The pattern used in this VAPEX experiment includes no fractures and serves as a reference for the other fractured designs. Figure 9 demonstrates the recovery factors from tests 1–2 with respect to the pore volume of the solvent injected. As can be seen, both the experimental and simulation outcomes appear on the plot. As expected, all graphs represent an increasing trend in their recovery values as the process proceeds, with propane yielding a considerably higher RF. One can attribute this significant disparity to the solvents’ abilities in diffusing and dispersing into the bulk of heavy oil.
Furthermore, fluctuations in the heavy oil recovery data, as apparent among the experimental data, can be related to heavy oil re-imbibition in the swept zones, asphaltene precipitation in the vicinity of the production well, or experimental equipment, such as the back pressure regulator. Similar observations were reported by other researchers [35,36,37]. Remarkable agreement can be observed between the simulation and experimental results for both indicated scenarios.
When analyzing the impact of each fracture parameter, one may note that the conclusions made may change when changing other fracture parameters, such as their position. It is important to recognize that fractures that exist between injection and production wells can have a significant impact on breakthrough of solvents, the gravity drainage mechanism, and, ultimately, the recovery factor. When investigating the effect of a particular fracture parameter, attempts have been made to select the most relevant patterns to obtain precise evaluations and performance comparisons.

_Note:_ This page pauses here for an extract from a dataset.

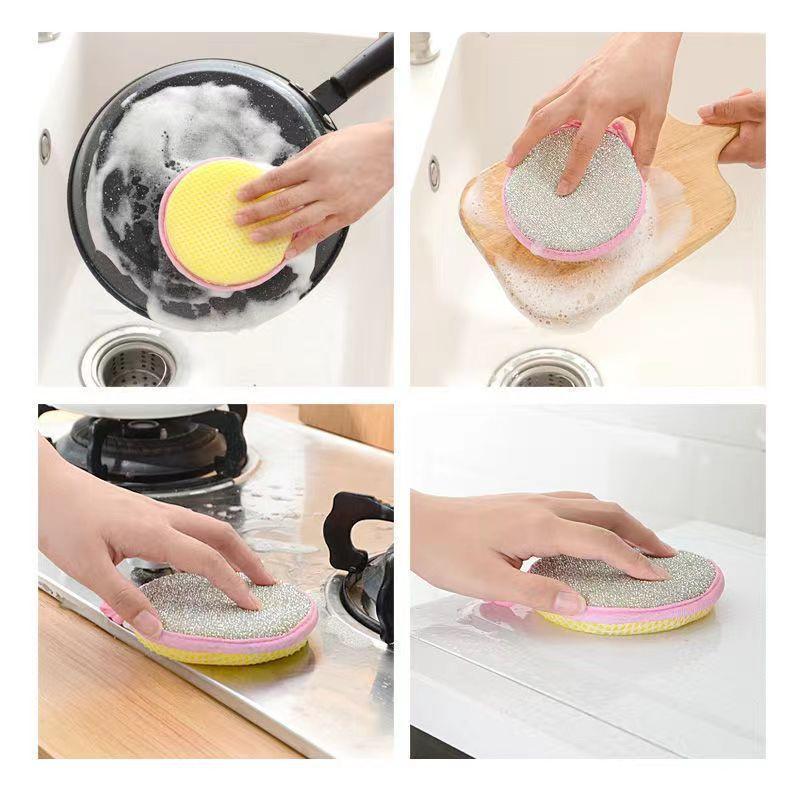 Esponja de Limpieza de Doble Cara Esponja para Lavar Platos Bloque Cocina Antiadherente Cepillo para Ollas Artefacto Paño para Lavar Platos Doméstico Estropajo Mágico

3.2. Effect of Fracture Orientation

Patterns H2 and V1 were selected to represent a horizontal and vertical fracture configuration and to be compared against the base case scenario. They were selected for the evaluations and comparisons due to the equal fracture lengths and similar positions near the injection well. As shown in Figure 10, the experimental outcomes and simulation results highlight that the presence of both fracture designs increases the recovery factor when using both solvent types.
When compared to the 57.12% RF obtained at the end of an experiment in a conventional VAPEX test using C3H8, patterns H2 and V1 led to 59.05% and 62.83%, respectively, under the same operational circumstances. The recovery factors reported by the simulator for the same three VAPEX tests show 55.48% and 59.79%, respectively, which are in complete agreement with the experimental results. The enhanced production in both cases of horizontal and vertical fractured patterns originates from the increased solvent–heavy oil contact in the presence of the fractures. Indeed, the fractures facilitate solvent access further into the bulk of the reservoir and, hence, enhance production and recovery.
Moreover, one may notice the higher RF recorded at the end of the VAPEX process when employing the vertical fracture configuration (V1) in comparison to the horizontal (H2). This can be attributed to creation of high-permeability flow paths for the solvent and heavy oil in the vertical direction into regions that would remain untouched otherwise. In other words, vertical fractures significantly enhance the vertical permeability of the heavy oil reservoir. Therefore, the mass transfer and gravity drainage mechanisms are considerably improved.
To mention another reason for witnessing greater process enhancement when employing vertical fracture configurations, one may allude to the fact that horizontal fractions facilitate solvent access in the same direction that the solvent chamber grows. Therefore, some or all those areas, depending on the fractures’ positions, might eventually be touched and swept by the injected solvents even in the absence of the horizontal fractures.
In addition, due to their horizontal direction, these fractures do not provide any means for improving the gravity drainage mechanism and, hence, do not happen to have as great of an impact on the RF as that by the vertical fractures. However, the overall impact depends on other parameters, such as position and the extension by which fractures penetrate the untouched zones.
A similar analysis after experimentally using CO2 as the solvent reveals the performance of the conventional VAPEX was raised from an RF of 22.4% to 23.31% and 24.74% when carried out in H2 and V1 patterns, respectively. As per the simulation results for the same three VAPEX tests, 21.85% for the conventional case, 22.66% for H2, and 23.78% for V1 were found by the simulator. In accordance with the results of using C3H8, these data manifest a higher recovery factor after running VAPEX in both patterns, with V1 showing superior performance due to the reasons mentioned above. Similar trends and numbers can be found in case of solvent mixture injection.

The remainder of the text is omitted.